The primary aim of this study was to examine scorer reliability for all MFTs which comprised the three motor function outcomes (TIMPSI, CHOP-INTEND and AIMS) used during the NN101 study. A secondary objective was to compare reliability between CEs with less experience with SMA and the specific MFTs used versus CEs with more experience.

MATERIALS AND METHODS

This study was approved by The Ohio State University Wexner Medical Center, the NeuroNEXT Central Institutional Review Board [35], and Northwestern University Institutional Review Boards and informed consent was received for all participants involved in training sessions.

Tools

Motor function tests selected for the SMA Infant Biomarker study included the TIMPSI [11, 31], CHOP-INTEND [32], and the AIMS [33, 34]. All three MFTs assess spontaneous movement, postural control, and gravity eliminated and antigravity strength in a variety of postures and positions. The TIMPSI and the CHOP-INTEND also assess reflexive movements [9 , 36]. Both the TIMPSI and the CHOP-INTEND have previously demonstrated concurrent and discriminant validity and good to excellent scorer reliability in smaller studies when used with infants with SMA [11, 32]. The AIMS has demonstrated reliability and validity in large populations of typically developing and at risk infants [37, 38] and has recently been used in a clinical case study of a child with SMA type 1 [39]. Instructional manuals, adapted from the original test manuals, with detailed operational definitions, administration directions, illustrations and scoring criteria were provided for each MFT at the start of the study [31 , 41]. A standardized SMA MFT video library (available via nuptpalslab@northwestern.edu) was developed which included 8–16 professionally recorded videos of each study MFT. The videos included infants with and without SMA, between two weeks and 12 months of age that were the expected ages of study subjects that would be enrolled. Each video was reviewed and edited by two different expert evaluators to assure administration fidelity and that all items were captured at angles to allow for scoring by those viewing the videos. Each video was then scored by the same two expert evaluators and scores were compared for agreement. If item scores were not in agreement, items were discussed to come to agreement. If agreement consensus was not achieved (n = 2) the item was dropped from the video. Once consensus was achieved, expert clinician (consensus) scores were recorded and saved for each video for later use in reliability and agreement with expert rater assessments. Videos from the training library were utilized for training and for sessions assessing reliability of scores and agreement with expert rater. MFT library videos utilized in both training and reliability were rotated from session to session to reduce impact of bias by having raters score different videos after each training session.

Clinical evaluators

Twenty-three total clinical evaluators from the fifteen participating centers participated in reliability training across the duration of the study. Participation in any one training/reliability session varied based on availability/attendance at the time of training sessions and when they entered the study as a CE. All CEs had varying years of clinical experience [0–37 years, median 10.5 (interquartile range or IQR = 22.2) years], as well as varying degrees of experience with SMA [0–36 years, median 4.5 (IQR = 8) years]. Twenty-two were physical therapists and one was a research kinesiologist. Eighteen CEs (77%), including the kinesiologist, had experience in pediatrics and with children with SMA. Five CEs had adult clinical experience only; two of those had previous experience with SMA. Raters were grouped for later analyses of experienced vs novice CEs. Groups were determined by years of experience with the MFT being assessed prior to the start of the study. Group 1 (experienced evaluators) included those with any previous experience with the MFT being assessed and Group 2 (novice evaluators) included those with no prior experience with the MFT.

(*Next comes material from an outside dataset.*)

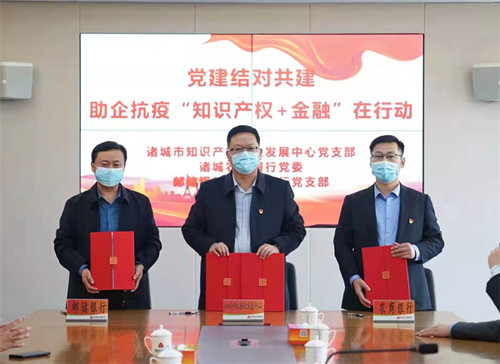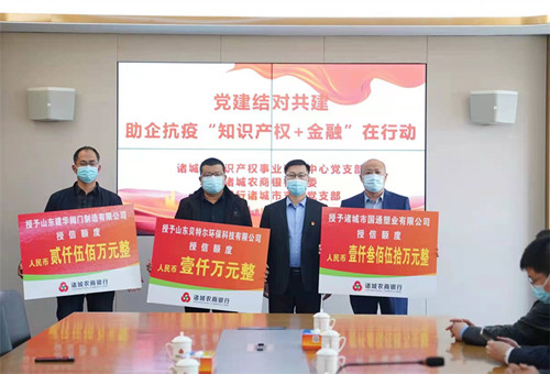 疫情当前,重任在肩。为认真落实市委疫情防控部署要求,充分发挥党组织战斗堡垒作用和党员先锋模范作用,确保人民群众生命健康安全、助力企业健康快速发展,进一步扩大知识产权质押融资的带动和示范效应,激活企业发展新动能,按照“党委牵头、支部联动、资源共享、优势互补、共推共赢”的工作思路,做到防控、发展两不误,为中小企业减负,特开展党建共建、助企抗“疫”“知识产权+金融”行动。由市知识产权事业发展中心牵头,联合诸城农商行、邮储银行三方党组织“共建”,充分发挥双方职能优势,汲取党建智慧,开展专利质押融资,助力企业发展,推动各项业务工作再上新台阶,按照“部门引领、企业参与、市场主导”的方式方法,进一步探索知识产权质押融资新模式,帮助企业实现“知产”变“资产”,为企业发展提供资本支持。推行发明专利贷款新品种,通过“党建引领、资源整合、专利先行、资金跟进”,1-2月份发放质押融资贷款5720万元,为拥有发明专利的创新型企业送上“及时雨”,切实解决创新型企业融资难题,支持企业发展,助力乡村振兴,深化“诸城模式”,共同打赢这场疫情防控阻击战。

MFT training and reliability assessments for CEs

Initial investigator meeting: training and reliability assessment

Clinical evaluators (n = 15) from each study site attended the initial investigator meeting (IM) in September 2012 for a five-hour training on the three MFTs that would be utilized throughout the study. Formal instruction on each of the measures included the conceptual theory of the outcome, standardized administration methods, and details of all items and scoring rules. Videos were utilized to demonstrate scoring and emphasize key points of test administration. After receiving formal instruction on the three MFTs at the study investigator meeting, all CEs in attendance, as well as CEs who were unable to attend the IM that were trained later via live webinar (n = 5), were asked to independently rate a series of four videotaped patients with SMA type 1 for the primary MFT, the TIMPSI. The CEs were required to view the four standardized TIMPSI videos via self-paced review at two separate time points with a minimum of a two-week interval between ratings. Initial ratings were compared to the expert clinician consensus score to determine ability to agree with the expert for each of the four assessments. A passing score was defined as a score that was within at least 85% of the expert-rater score. Once all raters completed this phase, the raters’ scores for each of the four assessments were utilized to determine inter-rater reliability for the group. After a period of at least two weeks, the evaluators were then asked to re-rate the same four TIMPSI videos a second time without reference to their prior responses. These scores were then compared to the initial set of scores and utilized to provide a measure of intra-rater reliability (Fig. 1).

Fig. 1

Rater training process for TIMPSI. Legend: MFT- motor function test; TIMPSI- Test of Infant Motor Performance Screening Items.

Raters who did not pass the initial agreement with the expert rater (<85%) underwent follow-up remediation sessions conducted by the study’s MFT expert trainer. The remediation focused on individualized retraining by videoconference and a discussion period during which any uncertainties in the use of the MFTs were addressed. The evaluator was then required to re-rate the videos. Once they met the≥85% agreement criterion the remediation process was complete. They could then move on to scoring the videos again two weeks later for intra-rater reliability. Raters who were not successful after an initial remediation session, repeated remediation training and follow up video scoring until they were successful (Fig. 1).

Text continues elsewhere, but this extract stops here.